[[ AVAILABLE RECORDS, beginning ]]

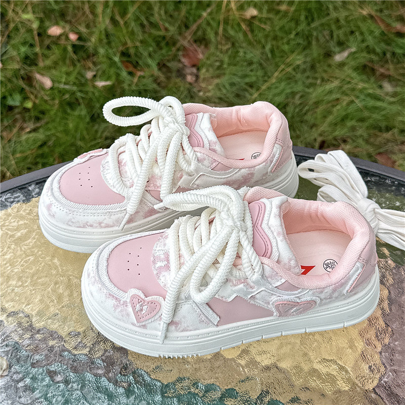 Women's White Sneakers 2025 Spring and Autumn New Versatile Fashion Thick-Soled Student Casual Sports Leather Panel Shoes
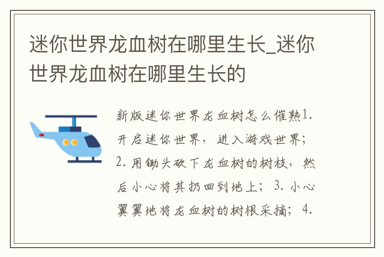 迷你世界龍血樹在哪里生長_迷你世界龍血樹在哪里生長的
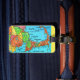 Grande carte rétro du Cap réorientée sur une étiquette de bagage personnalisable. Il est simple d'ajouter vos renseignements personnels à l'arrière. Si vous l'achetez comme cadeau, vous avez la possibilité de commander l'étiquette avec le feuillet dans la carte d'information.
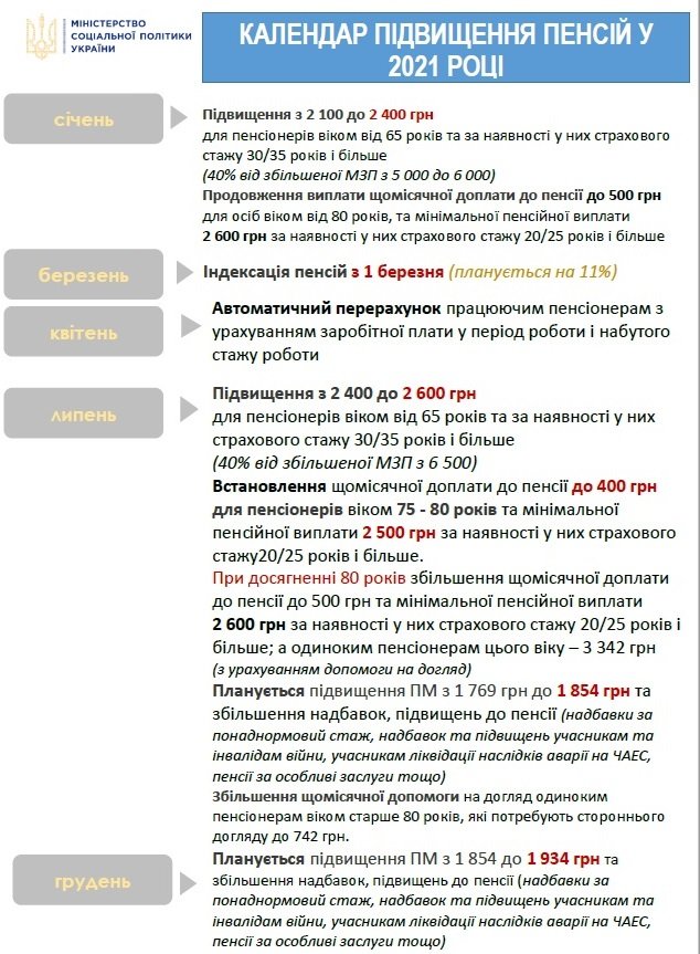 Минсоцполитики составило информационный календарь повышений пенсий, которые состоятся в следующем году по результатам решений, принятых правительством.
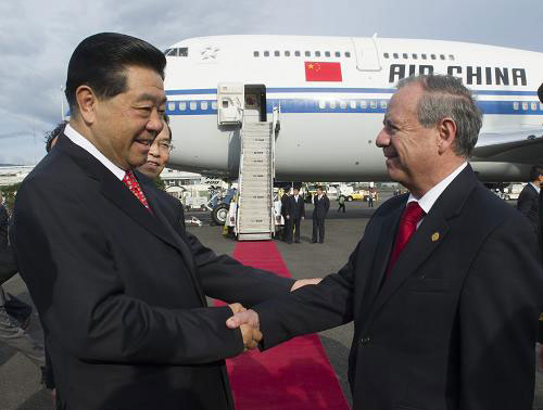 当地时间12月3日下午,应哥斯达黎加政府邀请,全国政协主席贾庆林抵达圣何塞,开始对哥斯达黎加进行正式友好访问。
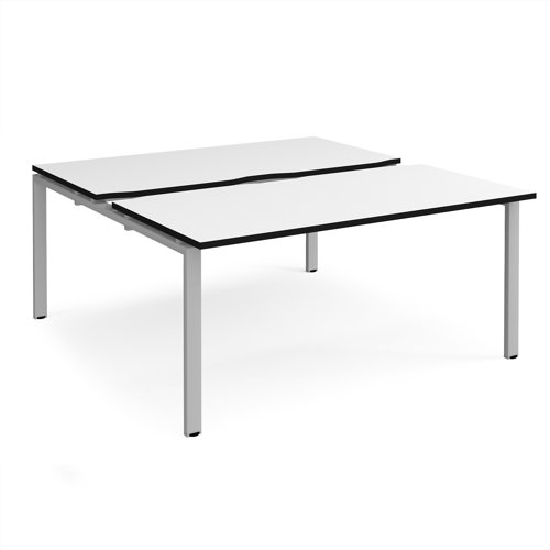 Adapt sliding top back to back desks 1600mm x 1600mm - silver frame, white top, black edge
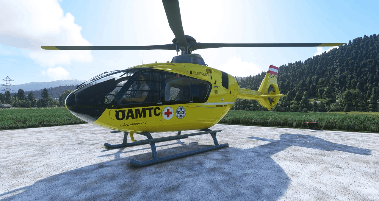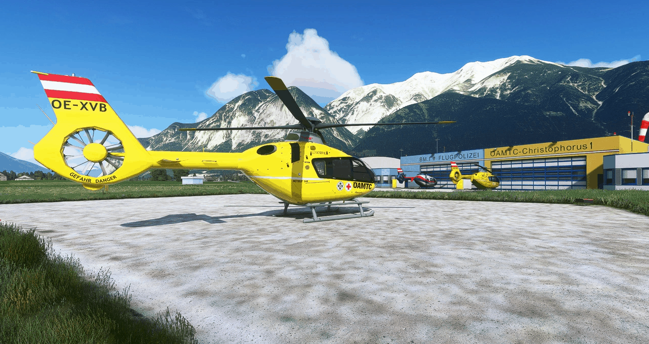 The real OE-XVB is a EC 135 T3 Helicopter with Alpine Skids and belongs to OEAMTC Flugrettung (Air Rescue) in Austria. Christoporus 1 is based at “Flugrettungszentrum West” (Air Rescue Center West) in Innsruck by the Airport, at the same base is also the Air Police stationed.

[[ AVAILABLE RECORDS, end ]]

TASK ITEM: Restate word for word the lines from the line with "Минсоцполитики составило информационный" to the last line of the records above, inclusive, and omit every picture.

WORKED SOLUTION:
 Минсоцполитики составило информационный календарь повышений пенсий, которые состоятся в следующем году по результатам решений, принятых правительством.
 当地时间12月3日下午,应哥斯达黎加政府邀请,全国政协主席贾庆林抵达圣何塞,开始对哥斯达黎加进行正式友好访问。
 Adapt sliding top back to back desks 1600mm x 1600mm - silver frame, white top, black edge
 The real OE-XVB is a EC 135 T3 Helicopter with Alpine Skids and belongs to OEAMTC Flugrettung (Air Rescue) in Austria. Christoporus 1 is based at “Flugrettungszentrum West” (Air Rescue Center West) in Innsruck by the Airport, at the same base is also the Air Police stationed.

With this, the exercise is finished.